- **Your instructions**:
Retype each entry exactly. Skip any pictures.

- **Extracted entries**:
###
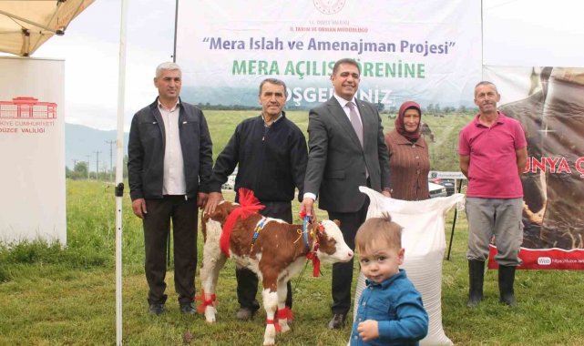 Mera açılışında konuşan Düzce Valisi Selçuk Aslan, Düzce'nin sanayi kimliğinin yanında güçlü bir tarım ve hayvancılık potansiyeline de sahip olduğunu vurguladı. İlde 52 bin civarında büyükbaş, 18 bin civarında küçükbaş hayvan bulunduğunu belirten Aslan, hayvancılıkta en büyük girdi olan kaba yemin yaklaşık üçte birinin meralardan karşılandığını ifade etti. Selçuk Aslan, "Bu oranı yüzde 50'ye çıkarmayı hedefliyoruz. Meralarımızın yüzde 65'i ıslah edilmiş durumda. Bugüne kadar 90 milyon TL'yi aşan bir kaynak meralarımızın ıslahı için kullanıldı. Ancak bu alanların sürdürülebilirliği, çiftçilerimizin dikkatli ve özenli kullanımı ile mümkündür" dedi.
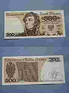Banknot 500 zł -seria DL lub GG z 1982 roku, UNC
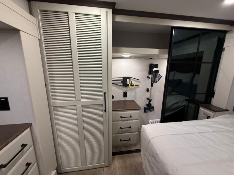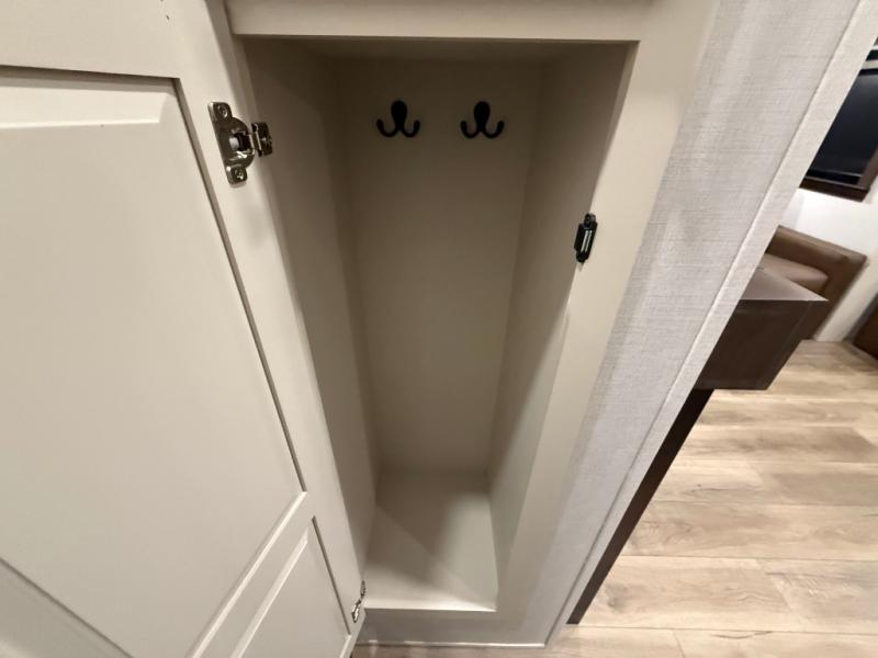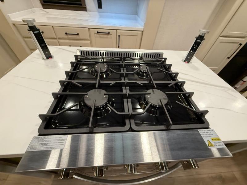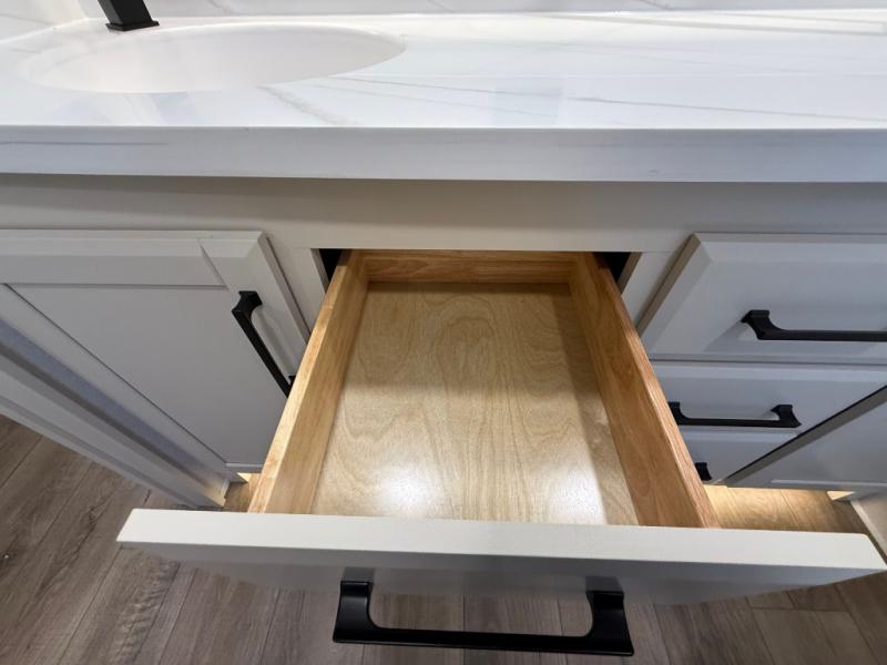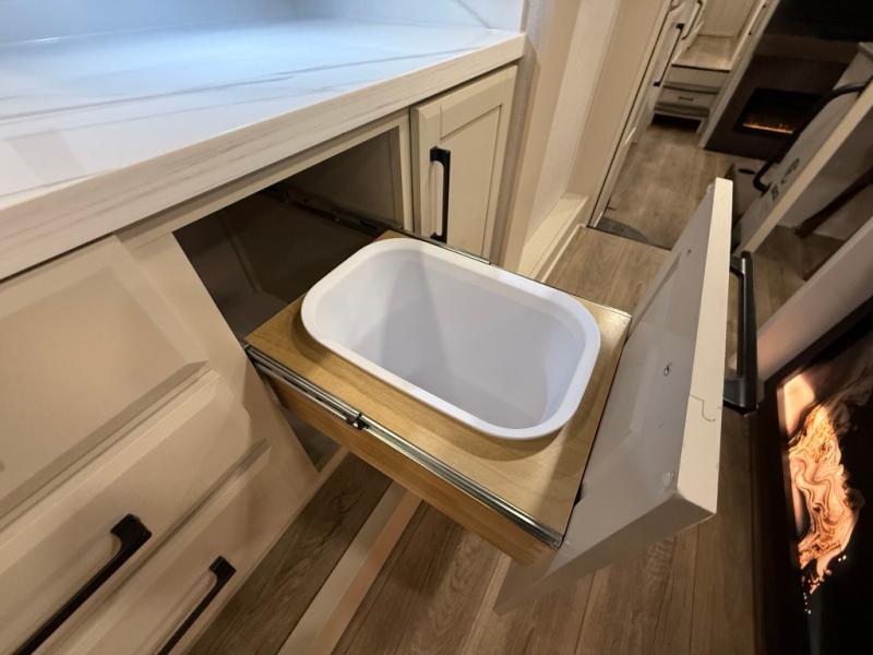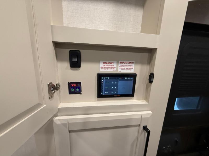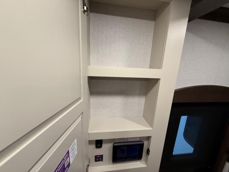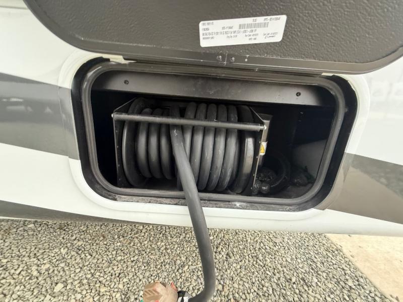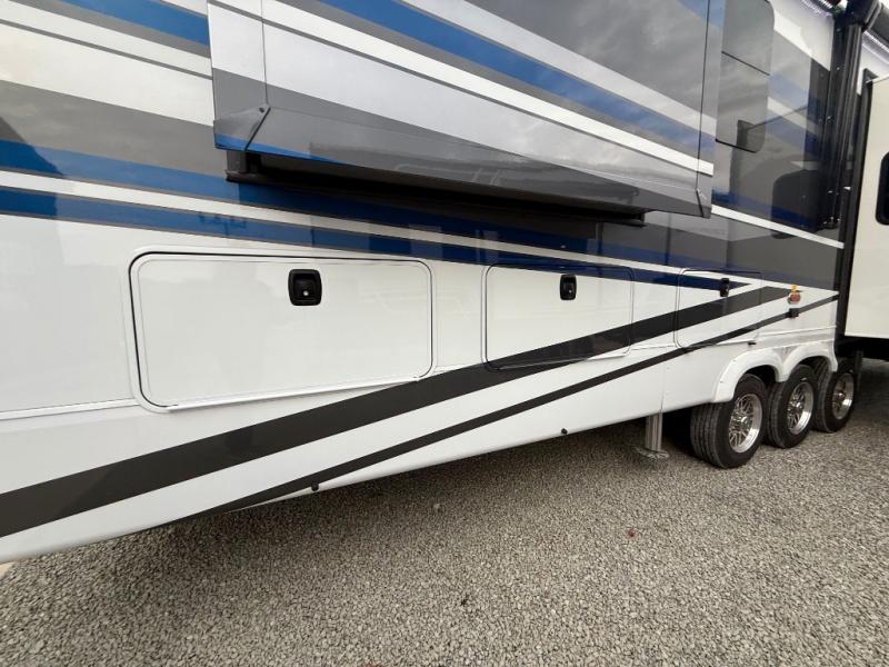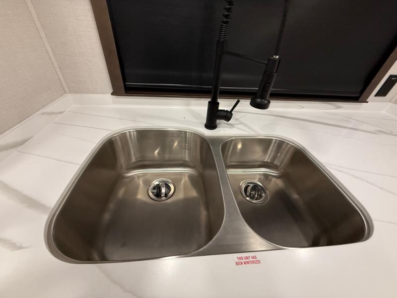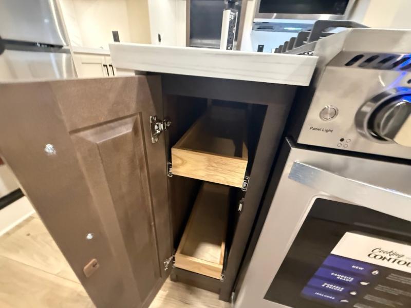 You will feel right at home in this fifth wheel! The rear private bedroom has a 72" x 80" king bed slide for a good night's rest, a rear large wardrobe with the washer and dryer next to it, and even a dresser with a 40" LED TV. And two can get ready at once in the full bathroom with the dual sink vanity. You can then head to either the desk slide to get some work done or whip up some scrambled eggs on the three burner cooktop at the island in the front kitchen. The kitchen even has a dishwasher for easy clean up and two bar stools at the high top dinette that overlooks the middle living area. Relax each night in true comfort on either the E-Z Glide sofa bed slide or the theater seating across from the entertainment center which has a fireplace and 65" Samsung LED Smart TV to watch your favorite movies!
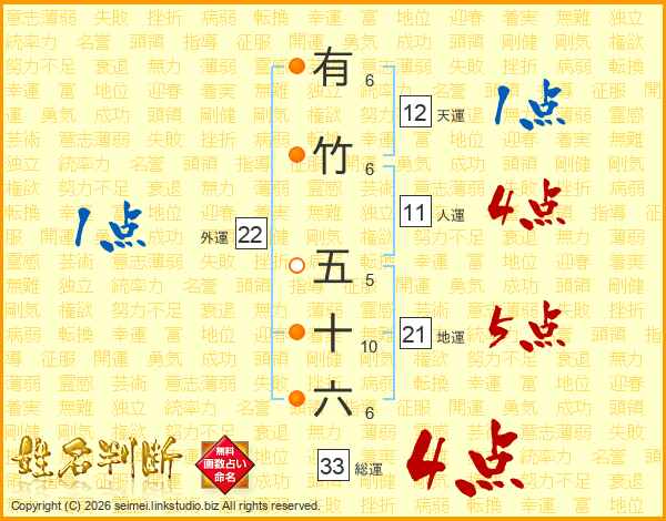 有竹五十六さんの総運は33画の4点!
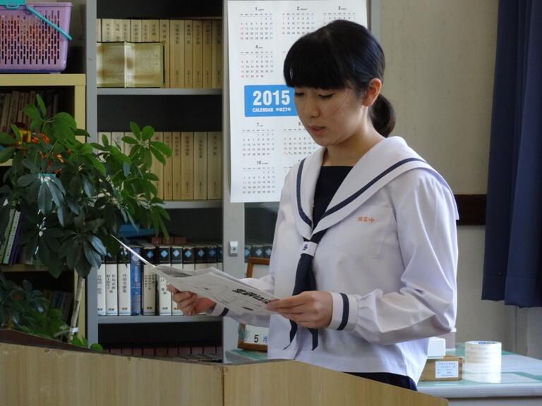 全校学習・文化委員長が27年度活動計画を説明しました。
###
- **Answer to the problem**:
 Mera açılışında konuşan Düzce Valisi Selçuk Aslan, Düzce'nin sanayi kimliğinin yanında güçlü bir tarım ve hayvancılık potansiyeline de sahip olduğunu vurguladı. İlde 52 bin civarında büyükbaş, 18 bin civarında küçükbaş hayvan bulunduğunu belirten Aslan, hayvancılıkta en büyük girdi olan kaba yemin yaklaşık üçte birinin meralardan karşılandığını ifade etti. Selçuk Aslan, "Bu oranı yüzde 50'ye çıkarmayı hedefliyoruz. Meralarımızın yüzde 65'i ıslah edilmiş durumda. Bugüne kadar 90 milyon TL'yi aşan bir kaynak meralarımızın ıslahı için kullanıldı. Ancak bu alanların sürdürülebilirliği, çiftçilerimizin dikkatli ve özenli kullanımı ile mümkündür" dedi.
Banknot 500 zł -seria DL lub GG z 1982 roku, UNC
 You will feel right at home in this fifth wheel! The rear private bedroom has a 72" x 80" king bed slide for a good night's rest, a rear large wardrobe with the washer and dryer next to it, and even a dresser with a 40" LED TV. And two can get ready at once in the full bathroom with the dual sink vanity. You can then head to either the desk slide to get some work done or whip up some scrambled eggs on the three burner cooktop at the island in the front kitchen. The kitchen even has a dishwasher for easy clean up and two bar stools at the high top dinette that overlooks the middle living area. Relax each night in true comfort on either the E-Z Glide sofa bed slide or the theater seating across from the entertainment center which has a fireplace and 65" Samsung LED Smart TV to watch your favorite movies!
 有竹五十六さんの総運は33画の4点!
 全校学習・文化委員長が27年度活動計画を説明しました。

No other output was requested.